The first port 6667 connections are to a host 79.115.103.225, a Romanian system. Let’s strip out all of the previous filters and see what traffic these two hosts have exchanged. There’s a lot of SSH traffic, more than we see from the usual brute-force guesser.
# flow-cat 2010-11-09/ft* | flow-nfilter -F ip-addr -v ADDR=189.22.36.165 | \
flow-nfilter -F ip-addr -v ADDR=79.115.103.225 | flow-print | less
srcIP dstIP prot srcPort dstPort octets packets
79.115.103.225 189.22.36.165 6 4381 22 371 6
189.22.36.165 79.115.103.225 6 22 4381 394 7
79.115.103.225 189.22.36.165 6 4383 22 1984 14
189.22.36.165 79.115.103.225 6 22 4382 3703 19
189.22.36.165 79.115.103.225 6 22 4383 3095 11
189.22.36.165 79.115.103.225 6 6667 4384 120 3
189.22.36.165 79.115.103.225 6 6667 4385 120 3
79.115.103.225 189.22.36.165 6 4384 6667 192 3
79.115.103.225 189.22.36.165 6 4382 22 11804 118
79.115.103.225 189.22.36.165 6 4385 6667 192 3
189.22.36.165 79.115.103.225 6 22 4382 12688 103
79.115.103.225 189.22.36.165 6 4382 22 1664 19
79.115.103.225 189.22.36.165 6 4382 22 5564 64
189.22.36.165 79.115.103.225 6 22 4382 9708 50
79.115.103.225 189.22.36.165 6 4382 22 14956 169
189.22.36.165 79.115.103.225 6 22 4382 16060 129
79.115.103.225 189.22.36.165 6 4382 22 1040 12
189.22.36.165 79.115.103.225 6 22 4382 928 8
189.22.36.165 79.115.103.225 6 8888 4470 120 3
79.115.103.225 189.22.36.165 6 4470 8888 192 3
79.115.103.225 189.22.36.165 6 4382 22 4316 49
189.22.36.165 79.115.103.225 6 22 4382 11344 42
79.115.103.225 189.22.36.165 6 4382 22 1924 23
189.22.36.165 79.115.103.225 6 22 4382 8800 20
...
Using flow-print -f 5
, I can view the timestamps and verify that the IRC activity started shortly after the SSH activity started using larger amounts of bandwidth.
Can I be certain that 79.115.103.225 is my attacker?

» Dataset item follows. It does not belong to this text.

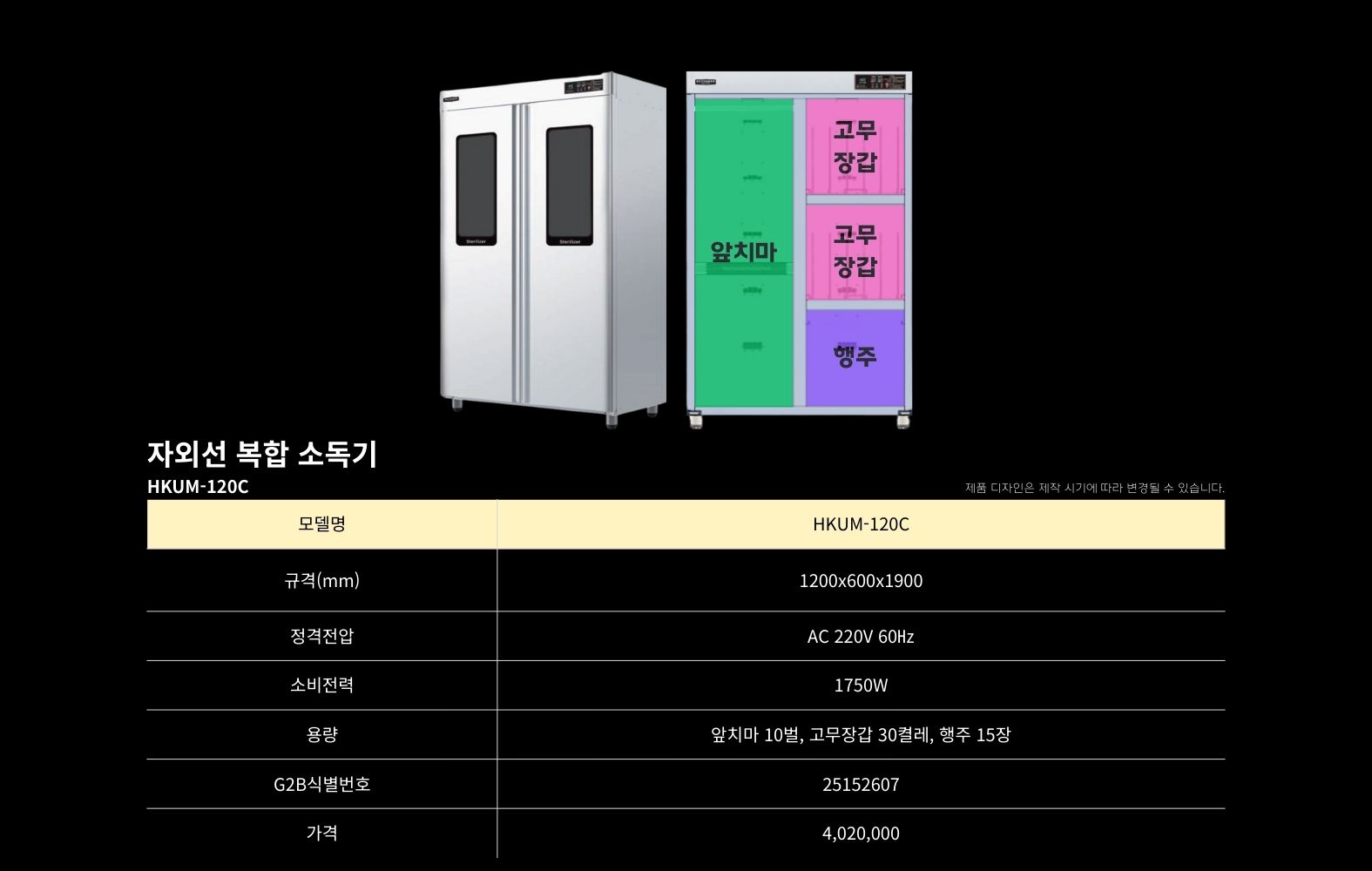 HKUM-120C 복합소독기hbkitchen32432026-02-10T16:47:13+09:00 복합 소독기위생복 소독기앞치마 소독기고무장갑 소독기행주 소독기칼·도마 소독기장화·신발 소독기조리기구 소독기청소도구 소독기식판 소독기컵 소독기복합 소독기위생복 소독기앞치마 소독기고무장갑 소독기행주 소독기칼·도마 소독기장화·신발 소독기조리기구 소독기청소도구 소독기식판 소독기컵 소독기 복합 소독기제목HKUM-120C 복합소독기 모델명흥부산업 복합소독기 HKUM-120C판매가(VAT포함)4,020,000원조달물품식별번호25152607상품정보AC 220V / 890W / 살균 / 건조 / 탈취규격1200X600X1900mm용량앞치마 10벌, 고무장갑 30켤레, 행주 15장나라장터 바로가기학교장터 바로가기구매문의 바로가기Detail View상품정보 (Product information)제조사흥부산업(주)모델명HKUM-120CG2B식별번호25152607규격1200X600X1900mm용량앞치마 10벌, 고무장갑 30켤레, 행주 15장소비전력AC 220V / 890W제조국대한민국재질스테인레스 304품질보증기간구매일로부터 1년 A/SA/S 전화번호1566-3243

No. Is this activity suspicious? Absolutely. I can examine the hacked machine, or a disk image thereof, and identify the account used to penetrate the machine.
This is not proof, but it’s a place to start. In assessing the rest of the data, I can now exclude this host. This will further reduce the pool of data I am assessing.
While I can’t use this as grounds for flying to Romania with body armor, a machine gun, and a machete, I can realistically act on this information. I can report the activity to the IP address owner. I can check my network for other connections from this host, and verify the integrity of any machines it’s connected to. I can use this a a part of my business case to firewall off this part of the network. It will support my argument to forbid passwords for SSH connections on dev machines.
In retrospect, I could have made other assumptions that might have let me find this more quickly, e.g., I could have investigated the first hosts contacted on the questionable ports. But every puzzle is easy once you’ve solved it. After this, I’d have to say that backtracking intrusion vectors through flow data is very practical, even when you don’t have much experience.